Walking the streets means experiencing neglect instinctively. Located a few blocks around 12th Avenue South and South Jackson Street, Little Saigon is filled with overcrowded bins, trash, dirty sidewalks, and open air drug trafficking.

It is unacceptable that the city of Seattle and King County, which oversees several metro bus stops in the area, allowed conditions to deteriorate to this level. That Little Saigon is an ethnically diverse, low-income community in progressive Seattle makes improvement all the more urgent.

On November 28, Seattle Times food writer Tan Vinh noted that two well-known restaurants in the area, Hue Ky Mi Gia and Seven Stars Pepper Szechwan Restaurant, may close soon as the area becomes increasingly unsafe.

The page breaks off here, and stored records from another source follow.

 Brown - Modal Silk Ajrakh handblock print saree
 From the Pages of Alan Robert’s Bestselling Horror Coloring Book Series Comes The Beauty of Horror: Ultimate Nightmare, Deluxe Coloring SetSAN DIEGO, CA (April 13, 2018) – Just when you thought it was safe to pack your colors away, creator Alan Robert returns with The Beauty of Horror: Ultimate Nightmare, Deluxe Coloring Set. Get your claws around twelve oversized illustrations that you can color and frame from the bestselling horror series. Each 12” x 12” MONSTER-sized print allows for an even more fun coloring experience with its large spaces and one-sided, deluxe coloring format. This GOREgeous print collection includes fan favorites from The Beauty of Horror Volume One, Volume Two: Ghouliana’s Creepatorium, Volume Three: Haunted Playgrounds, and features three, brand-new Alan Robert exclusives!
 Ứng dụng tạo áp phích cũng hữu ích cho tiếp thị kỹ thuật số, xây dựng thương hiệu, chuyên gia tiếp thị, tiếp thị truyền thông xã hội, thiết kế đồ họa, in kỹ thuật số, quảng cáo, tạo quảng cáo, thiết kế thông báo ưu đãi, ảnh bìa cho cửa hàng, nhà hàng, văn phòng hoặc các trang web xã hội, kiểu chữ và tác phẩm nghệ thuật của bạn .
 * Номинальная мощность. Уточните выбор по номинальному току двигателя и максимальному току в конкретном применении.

It’s a wonder they’re still in business.

Stacks of plastic coat hangers line the sidewalk, evidence of quick shoplifting. Outside the Ding How Center, the mall that houses Hue Ky Mi Gia and Seven Stars, drugs are openly exchanged for cash while people sell everything from hand lotion to steaks.

The reported serious assaults in the Chinatown International District (Seattle Police Department’s crime dashboard stats are for the entire neighborhood, not Little Saigon) rose from 112 in 2019 to 131 in the first 11 months of this year. The number of burglaries reported rose from 143 to 173 over the same period. In October, two people were shot dead near noon near the 1200 block on South Jackson Street after an argument over a bottle of whiskey.

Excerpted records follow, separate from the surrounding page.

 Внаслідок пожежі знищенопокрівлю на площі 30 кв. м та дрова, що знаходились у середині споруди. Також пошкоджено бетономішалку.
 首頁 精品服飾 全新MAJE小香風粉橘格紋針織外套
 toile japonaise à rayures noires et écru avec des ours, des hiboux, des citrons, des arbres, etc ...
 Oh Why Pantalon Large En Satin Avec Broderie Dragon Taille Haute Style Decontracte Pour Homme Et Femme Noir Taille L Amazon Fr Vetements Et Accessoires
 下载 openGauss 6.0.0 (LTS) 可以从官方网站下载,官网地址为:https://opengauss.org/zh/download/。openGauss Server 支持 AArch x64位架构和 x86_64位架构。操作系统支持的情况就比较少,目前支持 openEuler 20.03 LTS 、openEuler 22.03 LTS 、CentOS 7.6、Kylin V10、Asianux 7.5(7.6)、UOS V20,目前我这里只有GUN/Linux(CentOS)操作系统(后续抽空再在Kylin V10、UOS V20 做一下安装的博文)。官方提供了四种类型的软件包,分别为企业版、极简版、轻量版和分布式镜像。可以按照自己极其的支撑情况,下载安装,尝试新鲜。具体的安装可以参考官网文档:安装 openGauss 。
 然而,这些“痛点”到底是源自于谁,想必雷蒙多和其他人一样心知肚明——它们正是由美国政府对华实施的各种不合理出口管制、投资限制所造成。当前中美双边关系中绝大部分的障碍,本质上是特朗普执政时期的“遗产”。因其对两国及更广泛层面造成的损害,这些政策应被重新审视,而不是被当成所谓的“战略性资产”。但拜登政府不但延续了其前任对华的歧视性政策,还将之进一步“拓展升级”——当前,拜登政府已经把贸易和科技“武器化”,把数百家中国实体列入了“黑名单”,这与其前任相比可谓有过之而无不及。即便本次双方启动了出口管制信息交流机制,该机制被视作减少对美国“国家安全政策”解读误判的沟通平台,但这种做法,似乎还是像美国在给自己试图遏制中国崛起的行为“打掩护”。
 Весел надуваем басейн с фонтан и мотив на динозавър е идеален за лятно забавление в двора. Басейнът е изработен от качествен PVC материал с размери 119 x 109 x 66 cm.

Minh Đức Phạm Nguyễn, executive director of Helping Link, a social services agency serving the Vietnamese community, said her office had been broken into and robbed of computers and other equipment several times. She no longer bothered to call the police. The officers never come, she said, and shipping tells her to go online and fill out a form.

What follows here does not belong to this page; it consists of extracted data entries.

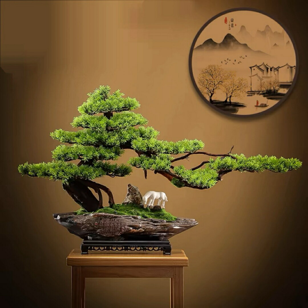 A032970インテリアグリーン 高級模造迎客松盆栽 置物 禅意迎客松盆栽装飾品人工観葉植物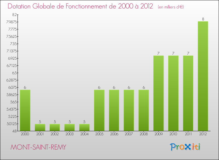 En effet, la dotation globale de fonctionnement versée par l'état en 2012 à la seule commune de Mont-Saint-Remy était de : 8 000 € au total.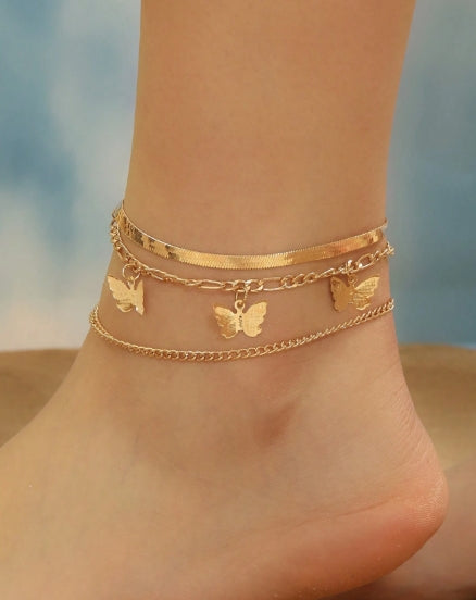 3pcs butterfly ankle strap with chain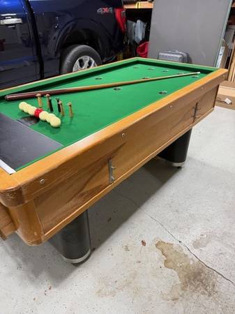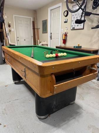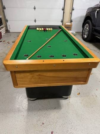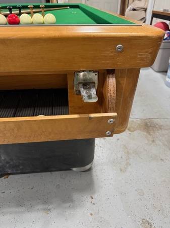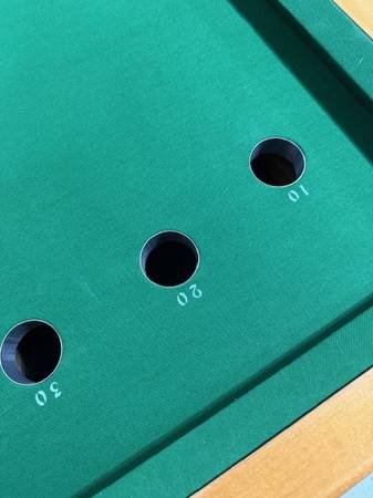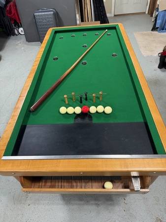 The Table is in very good condition. The game is played from one-end so it is convenient for tight spaces and could be pushed up against a wall. Includes a New set of cue balls, (smaller than typical bumper pool cue balls) and one cue stick. A very fun game and difficult to find. Actually this is the only one that I have ever seen. This is a popular game in England and vintage tables are $4000.00 +. Sale price $750.00 For a video of how to play, search youtube videos, YouTube·Michael Chartres·Aug 26, 2018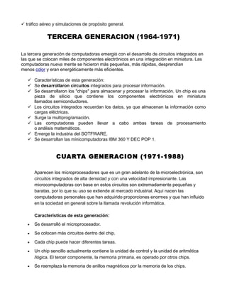 La evolución de la computadora comenzó en 1642 con la invención de la máquina de Pascal para sumar y multiplicar números. Las primeras generaciones de computadoras desde 1951 hasta 1971 se hicieron más pequeñas, rápidas y eficientes a medida que se pasó de tubos de vacío a transistores y luego a circuitos integrados. La cuarta generación desde 1971 hasta 1988 vio el surgimiento de los microprocesadores y las computadoras personales. La quinta generación desde 1983 hasta el presente ha continuado mejorando el software y sistemas para hacer las computador

Last year, Nguyen wrote to Mayor Jenny Durkan and King County Executive Dow Constantine asking for help. In a letter signed by nine local restaurants and other local businesses and nonprofits, she called for more police and rubbish collection, especially needle cleaning.

Nguyen said she never heard anything.

“The companies in the area have given up running the city. We can’t even use the sidewalks. It’s not far from the town hall, but no one paid any attention, ”she said. Helping Link is less than a mile from the mayor’s office and councilors.

Time is running out.

As the owner of Seven Stars Restaurant said to Vinh, “I can’t see how things go around in a building that is essentially a slum.”

Seattle is facing the collapse of one of its neighborhood business districts. City and county officials must act quickly to help with the consistent garbage collection. Instead of occasionally having to patrol, the police have to set up a mobile precinct on site. The same goes for Public Health – Seattle & King County and a mobile ambulance. The King County Metro Police Department must do more than watch over the mayhem.

Mayor Durkan and County Executive Constantine represent this neighborhood. So did Seattle councilors Kshama Sawant and Tammy Morales, and county council member Girmay Zahilay. To everyone: it’s up to you.